Kuala Lumpur, 17 February 2016 – Axiata Group Berhad (Axiata) today reported good fourth quarter performance to deliver a steady close to its full year performance for the financial year ended 31 December 2015 (FY15). 

Benefiting from a diverse portfolio of businesses spread across key emerging Asian markets and forex translation gains, Axiata registered its highest revenue and profit after taxation and minority interests (PATAMI). 

Full Year 2015 Results 

Revenue for the Group rose by 6.3% to an all-time high of RM19.9 billion whilst EBITDA grew by 4.1% to RM7.3 billion with an EBITDA margin of 36.6%. Correspondingly, PATAMI was up by 8.0% to record its highest at RM2.6 billion. 

The Group’s key topline numbers improved for the year from a good final quarter performance in revenue, as well as excellent operational performance as seen by most of its Operating Companies (OpCos), solid execution of turnaround strategies, stronger overall data growth and further supported by stronger currencies against the Ringgit. 

The Group’s two largest OpCos demonstrated strong QoQ growth, with Celcom recording its first revenue growth after three quarters of decline while XL’s transformation agenda delivers promising results to record its third successive quarterly improvements. 

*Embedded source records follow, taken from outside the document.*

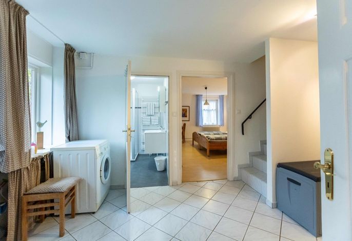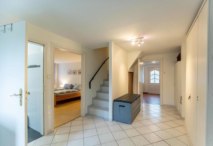 Die komplett neu gestaltete und hervorragend ausgestattete Küche ist ein kulinarischer Traum, der mit Geschirrspüler, Ceranfeld, Backofen und Mikrowelle keine Wünsche offen lässt. Hier können Sie nach Herzenslust für Ihre Liebsten kochen und sie mit kulinarischen Genüssen verwöhnen. Im Erdgeschoss erstreckt sich das großzügige Wohnzimmer, das Platz für gemütliche Stunden bietet, und ein zusätzlicher Esstisch lädt zu gemeinsamen Mahlzeiten ein. Zwei Schlafzimmer mit jeweils zwei Einzelbetten, die bei Bedarf zu Doppelbetten zusammengeschoben werden können, sowie ein drittes Schlafzimmer mit einem weiteren Einzelbett bieten bequeme Übernachtungsmöglichkeiten. Das Duschbad mit Fenster, das 2019 komplett saniert wurde, rundet das Angebot im Erdgeschoss ab.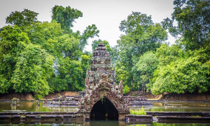 加亞華爾曼七世(JayavarmanⅦ)在位時期,積極進行各項建筑工程,史學者認為他在位37年中,以攸關民生生活所需的公共工程為第一優(yōu)先,包括蓋水庫、鋪路修橋、建101所驛站、102所醫(yī)院……,其中涅盤宮(Neak Pean)算是一座寺廟療養(yǎng)所,在當時是一個大醫(yī)院。即使在今日,柬埔寨人還是相信蛇廟的神奇藥療,雖然水池荒廢已久,柬埔寨人前往蛇廟參觀,也想采摘長在水池土地里的植物,拿回家做藥浴。而大水池(被稱為圣池)是為病人沐浴而設,現在水已經干涸。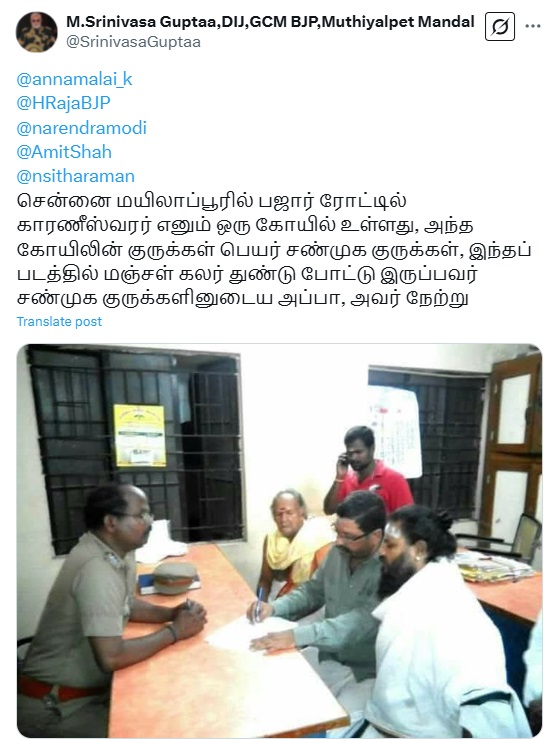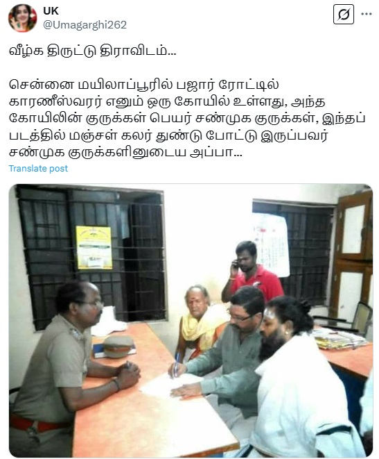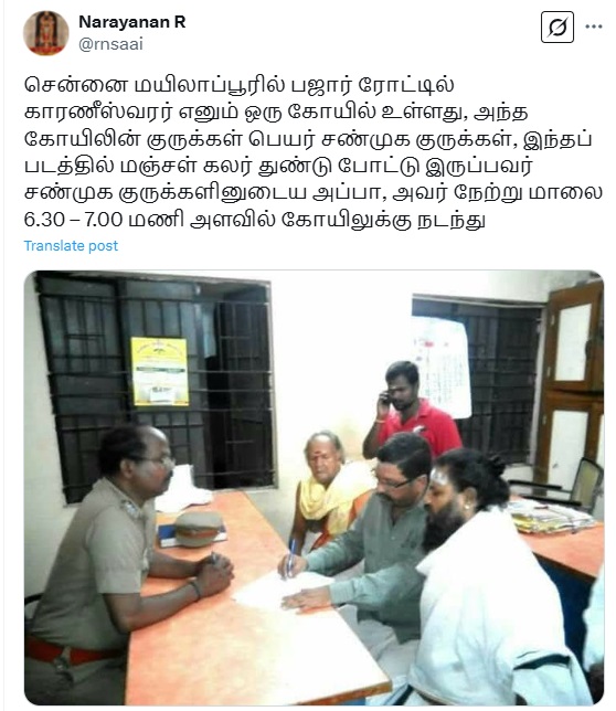“சென்னை மயிலாப்பூரில் பஜார் ரோட்டில் காரணீஸ்வரர் எனும் ஒரு கோயில் உள்ளது, அந்த கோயிலின் குருக்கள் பெயர் சண்முக குருக்கள்……..வர் நேற்று மாலை கோவிலுக்கு சென்று கொண்டிருந்த போது சுமார் 6- 6.30 மணி அளவில்….தி.க-வினைச் சேர்ந்த சுமார் 20 நபர்கள் பைக்கில் வந்து அவருடைய பூணூலினை அறுத்து எறிந்துவிட்டு, அவரை அடித்து கீழே தள்ளிவிட்டுச் சென்றுவிட்டனர்” என்பதாக மேலும் தகவலுடன் இந்த பதிவு சமூக வலைத்தளத்தில் பரவுகிறது.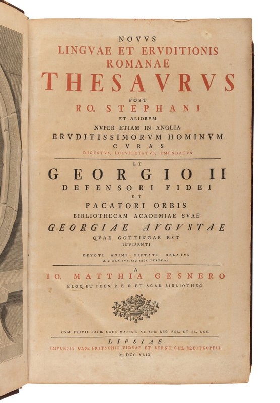 GESNER, Johannes Matthias (1691-1761). Novus Linguae et Eruditionis Romanae Thesaurus. [Leipzig]: Impensis Casp. Fritschii Vidvae et Bernh. Chr. Breitkopfii, 1749.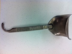 Retracting and Exposing. Hand held retractor, flat, large curved blade with hollow hand grip for traction. Heat-sharped viscera protector at the tip to prevent perforation. Alias: Sweetheart.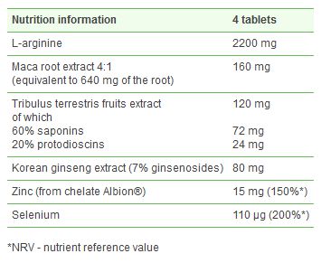 L-arginina, agente de carga - celulosa microcristalina; extracto de raíz de maca (Lepidium meyenii Walp.), extracto de fruto de Tribulus terrestris (Tribulus terrestris L.), agentes acristalamiento - alcohol de polivinilo (PVA), polietilenglicol, talco; agente antiaglomerante - sales de magnesio de ácidos grasos, dióxido de silicio; extracto de ginseng coreano (Panax ginseng coreano), Bisglicinato zinc (zinc quelato de aminoácido Albion®), selenio de sodio; colorantes - E-171, E-133.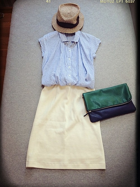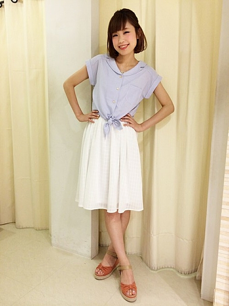 夏感たっぷりなブルーのストライプは、白ボトムスで爽やかに味付け♩
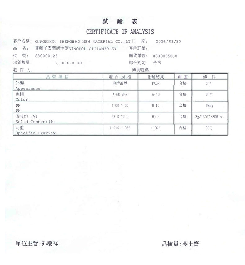 | Purpose and scope of use | Emulsifier, cleaning agent |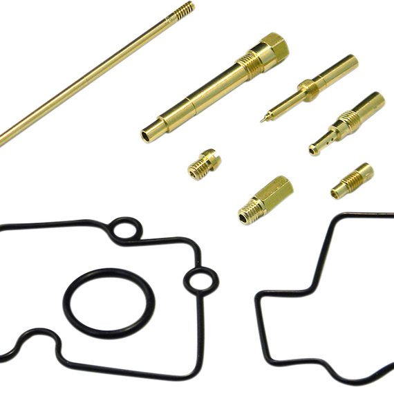 Caracteristicas: Includes main and pilot jets, jet needle sets, float valves, float chamber gaskets and O-rings (jets included in each kit are for common sizes; according to riding conditions and riding preference, different size jets may be used) Award-winning rubber-top float valves are made using highest quality rubber and a plated body for resistance to harsh gas, ethanol and methanol Each complete kit rebuilds OEM carburetors to achieve optimum performance Idle screw sets, pilot screw sets and air screw sets also included if applicable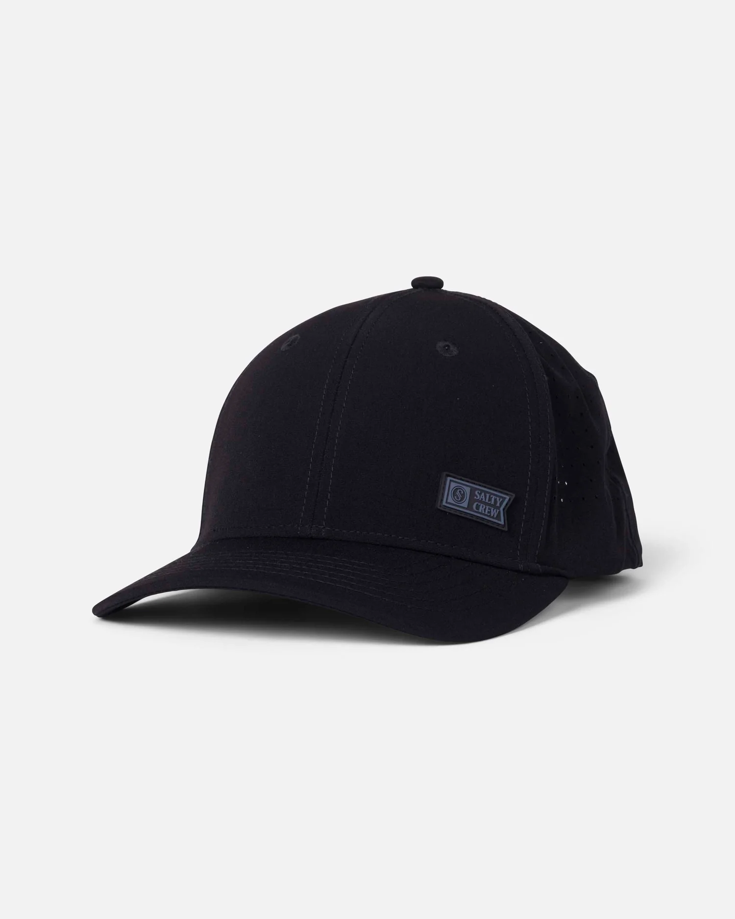 Lowdown Snapback in Navy is made from a water resistant polyester fabrication. Structured 5 panel, low-crown height, laser-cut side and back panels, contrast visor rope & rubber patch.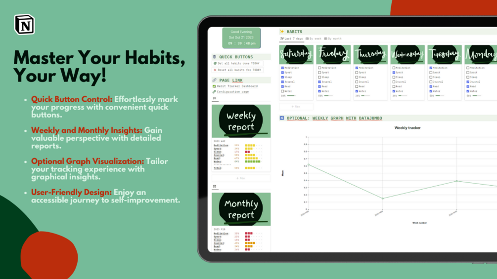 ๐ Weekly and Monthly Tracking: Take charge of your habits with both weekly and monthly tracking options. Whether you're aiming to create daily routines or meet monthly milestones, this template has you covered.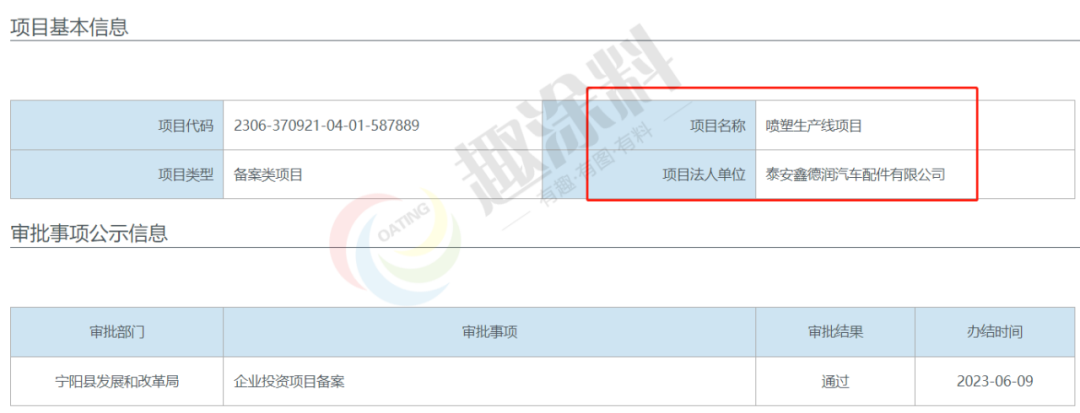 2023年6月8日,泰安鑫德潤汽車配件有限公司,噴塑生產(chǎn)線項(xiàng)目,在寧陽縣發(fā)展和改革局,進(jìn)行企業(yè)投資項(xiàng)目備案。

Overall data growth continues to be seen across all OpCos. For the year, data revenue grew by 29.8%, driven mainly by Smart, Robi6 and Dialog registering an increase of 86.2%, 78.9% and 62.7% respectively; demonstrating Group-wide targeted investment into data paying off. 

Cash balance for the Group was higher at RM5.5 billion with gross-Debt to EBITDA ratio of 2.25x post its issuance of USD500 million Sukuk. Axiata also successfully hedged 67.3% of its USD-denominated external debt, particularly in Indonesia as a result of initiatives taken to mitigate currency volatility. 

PROPOSED DIVIDEND 

In light of Axiata’s higher revenue and overall performance of the Group, the Board of Directors declared a final dividend under a single tier system of 85% dividend payout ratio and 20 sen dividend per ordinary share of RM1 each in Axiata, which includes interim dividend of 8 sen per share paid in 2015. 

Given the proposed acquisition of Ncell7 and anticipated regulatory developments, Axiata has maintained its dividend payout policy by moderately increasing its dividend payout ratio. Final dividend is subject to shareholders’ approval at the Group’s forthcoming Annual General Meeting. 

CHALLENGING YEAR FOR CELCOM, WHILST XL SEES STRONG CONTINUED IMPROVEMENTS 

Malaysia 

Celcom’s overall recovery was hampered by a flat growth market. Despite this, Celcom recorded its first positive revenue growth since a year ago, increasing by 1.0% quarter-on-quarter (QoQ) mainly due to higher sales of devices. Service revenue, however, saw a decline of 2.5% primarily as a result of lower voice revenue. Its 4Q15 normalised EBITDA and normalised PATAMI grew 9.8% and 10.2% QoQ respectively. PATAMI was impacted by one-off expense RM32 million and start-up losses of RM71 million in new ventures. 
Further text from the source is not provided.